Ключевые слова: карбоангидраза, аноксигенные фототрофные бактерии

В метаболизме бактерий имеется значительное число реакций, субстратом которых являются СО2 или ${\text{HCO}}_{3}^{ - }$. При этом различные пути автотрофной ассимиляции в качестве субстрата в реакциях карбоксилирования используют различные формы неорганического углерода (табл. 1). Концентрация углекислого газа в современной атмосфере составляет 0.04%, что соответствует 12 мкМ для СО2 и 120 мкМ для ${\text{HCO}}_{{\text{3}}}^{ - },$ растворенных в воде (DiMario, 2018). Это ниже величины Km для большинства ферментов, использующих CO2 и/или ${\text{HCO}}_{{\text{3}}}^{ - },$ осуществляющих реакцию карбоксилирования, таких как рибулозо-1,5-бисфосфаткарбоксилаза (РБК), пируваткарбоксилаза, ацетил-КоА-карбоксилаза, фосфоенолпируваткарбоксилаза, пируват- и 3-оксоглутаратсинтаза (Furdui, Ragsdale, 2000; DiMario, 2018). Кроме того, карбоксилазы, использующие СО2 в качестве субстрата, имеют низкое сродство к СО2 (Km) и низкую каталитическую активность.
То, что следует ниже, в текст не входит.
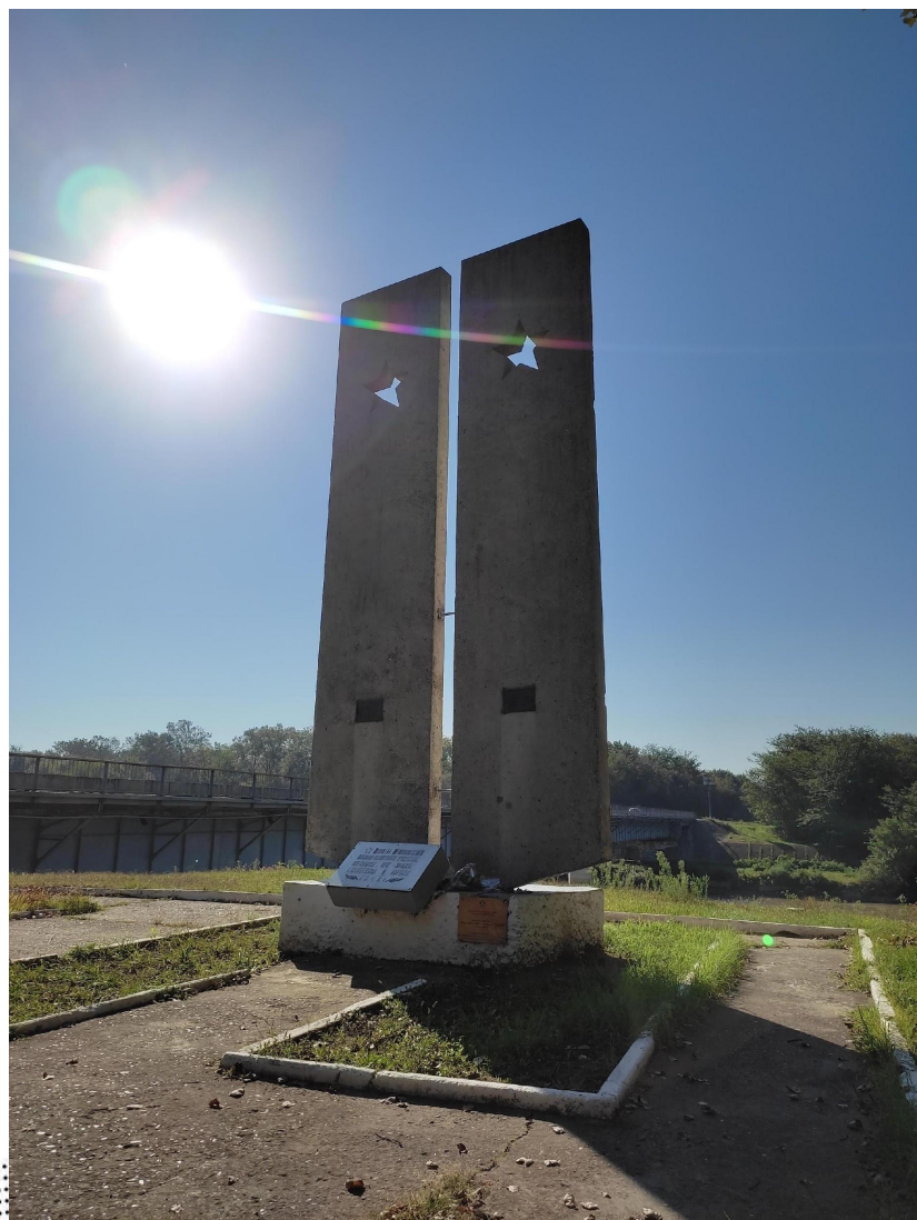
Рис. 6 (Памятник курсантам урюпинского училища)

В память о погибших курсантах и офицерах Урюпинского военно-пехотного училища на берегу Кубани создан монумент. Здесь на кубанской земле, за один год погибло 1140 урюпинцев. У города Кропоткина погибло 640 курсантов и командиров училища. Все они похоронены в окрестностях города, многие из них были представлены к наградам.

Kcat (число оборотов) для различных форм РБК колеблется в пределах от 4 до 11 s–1, а у пируватсинтазы Clostridium thermoaceticum равна 3.2 s–1 и Km = 2 мM (Furdui, Ragsdale, 2000; Badger, Bek, 2008).

Таблица 1.  

Форма неорганического углерода (СО2/${\text{НСО}}_{{\text{3}}}^{ - }$), используемая в качестве субстрата различными карбоксилазами у фототрофных бактерий

Путь автотрофной фиксации углерода Фермент Форма неорганического углерода
Восстановительный пентозофосфатный цикл (цикл Кальвина) Рибулозо-1,5-бисфосфат карбоксилаза/оксигеназа СО2
Восстановительный цикл трикарбоновых кислот Изоцитратдегидрогеназа СО2
Пируватсинтаза СО2
2-Оксоглутаратсинтаза СО2
Фосфоенолпируваткарбоксилаза  ${\text{HCO}}_{3}^{ - }$
3-Гидроксипропионатный цикл Ацетил-КоА-карбоксилаза  ${\text{HCO}}_{3}^{ - }$
  Пропионил-КоА-карбоксилаза  ${\text{HCO}}_{3}^{ - }$

Для поддержания максимальной скорости функционирования карбоксилирующих ферментов необходимо восполнять концентрацию CO2/${\text{HCO}}_{{\text{3}}}^{ - },$ расходуемых в реакциях карбоксилирования. Эту функцию выполняет карбоангидраза (КА) (EC 4.2.1.1). Необходимость этого обусловлена тем, что спонтанная обратимая гидратация углекислоты СО2 + Н2О ⇆ ${\text{HCO}}_{{\text{3}}}^{ - }$ + Н+ – медленный процесс с Kcat = 15 и 50 s−1 в прямом и обратном направлении соответственно. Карбоангидраза ускоряет эту реакцию на 4–6 порядков (Kcat = 104–106 s−1) (Supuran, Capasso, 2017).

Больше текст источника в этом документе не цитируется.